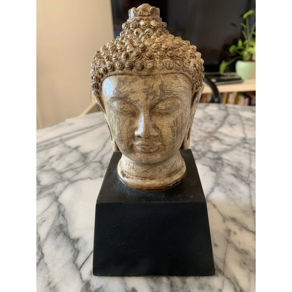 Buddha head fabricated from cement on a wood pedestal 9.5" in height.
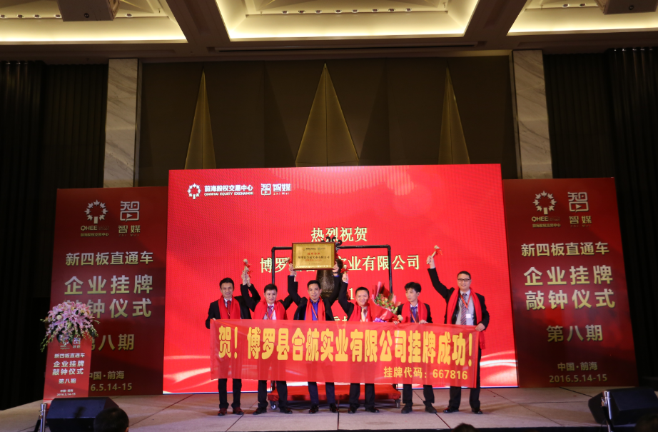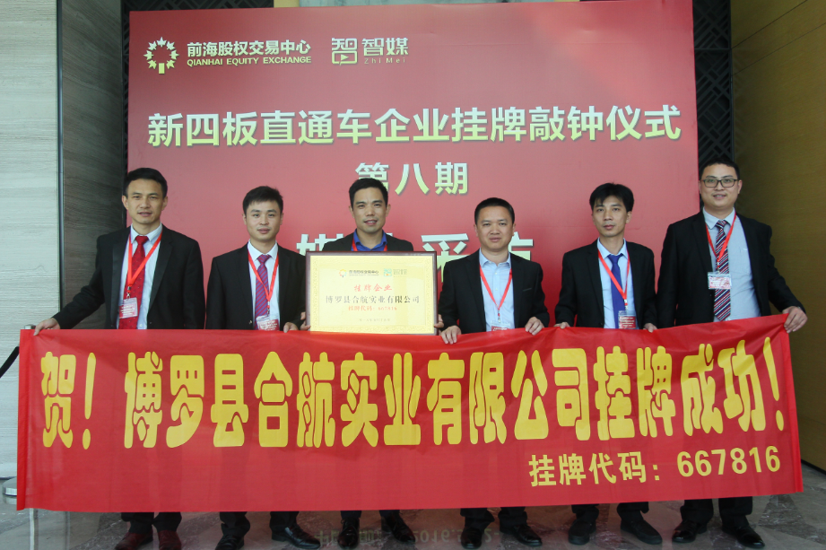 2016年5月15日,博羅縣合航實業(yè)有限公司在莊嚴(yán)的授牌敲鐘儀式中,正式進(jìn)軍“新四板”,企業(yè)掛牌代碼:667816
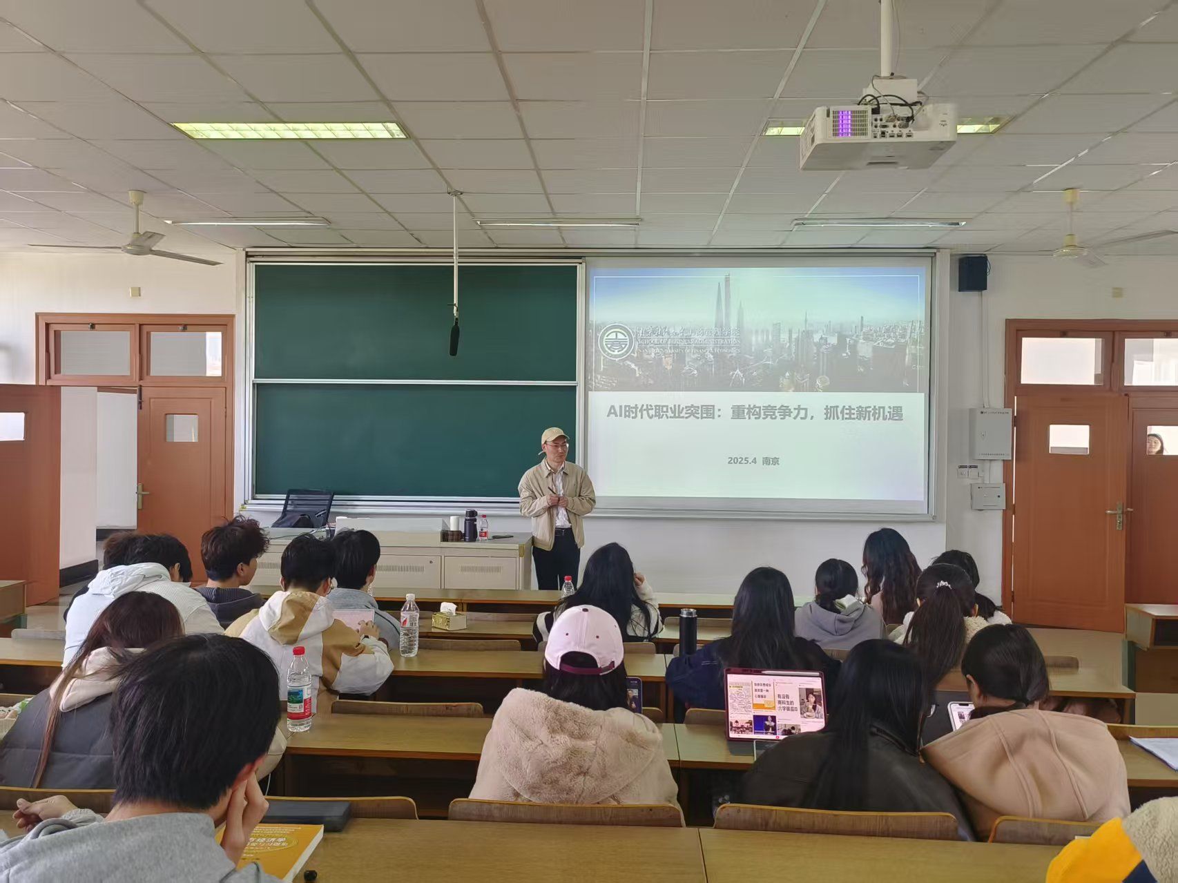 讲座中,罗斌基于技术变革周期下的职业发展规律,系统阐述了把握AI时代机遇的核心路径。他提出在技术革命引发的产业结构调整中,同学们需敏锐捕捉AI应用窗口期的职业红利,通过掌握AI工具、积累数据资产构建个人竞争优势。在核心竞争力塑造方面,建议大家重点培育创意方案整合、深度需求洞察及组织协调等AI难以替代的能力。同时结合自由职业兴起、项目制工作常态化的新趋势,针对具体求职场景给出实操指引,包括运用AI优化简历设计、在面试中展现真实成长经历、强化团队协作与结构性学习能力等具体策略。活动最后,罗斌鼓励同学们提前规划职业生涯,在校期间重点培养独特的竞争力,如掌握数据分析、项目管理等关键技能,以便在就业市场中脱颖而出。
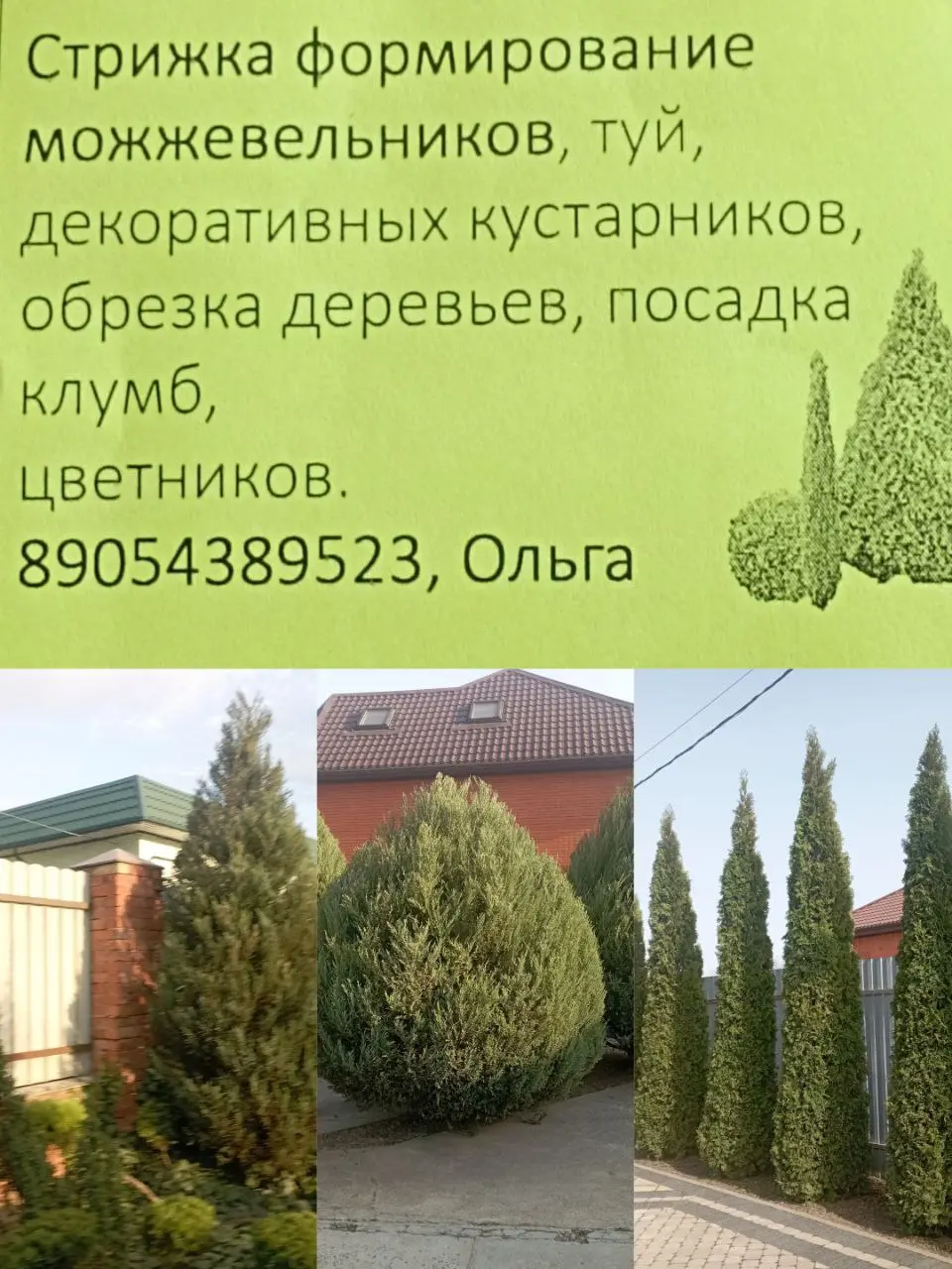 Стрижка формирование можжевельников, туй, декоративных кустарников, обрезка деревьев, посадка клумб; цветников

» **Task directions**
Without the pictures, retype all of the data above exactly.

» **Result**
 Buddha head fabricated from cement on a wood pedestal 9.5" in height.
 2016年5月15日,博羅縣合航實業(yè)有限公司在莊嚴(yán)的授牌敲鐘儀式中,正式進(jìn)軍“新四板”,企業(yè)掛牌代碼:667816
 讲座中,罗斌基于技术变革周期下的职业发展规律,系统阐述了把握AI时代机遇的核心路径。他提出在技术革命引发的产业结构调整中,同学们需敏锐捕捉AI应用窗口期的职业红利,通过掌握AI工具、积累数据资产构建个人竞争优势。在核心竞争力塑造方面,建议大家重点培育创意方案整合、深度需求洞察及组织协调等AI难以替代的能力。同时结合自由职业兴起、项目制工作常态化的新趋势,针对具体求职场景给出实操指引,包括运用AI优化简历设计、在面试中展现真实成长经历、强化团队协作与结构性学习能力等具体策略。活动最后,罗斌鼓励同学们提前规划职业生涯,在校期间重点培养独特的竞争力,如掌握数据分析、项目管理等关键技能,以便在就业市场中脱颖而出。
 Стрижка формирование можжевельников, туй, декоративных кустарников, обрезка деревьев, посадка клумб; цветников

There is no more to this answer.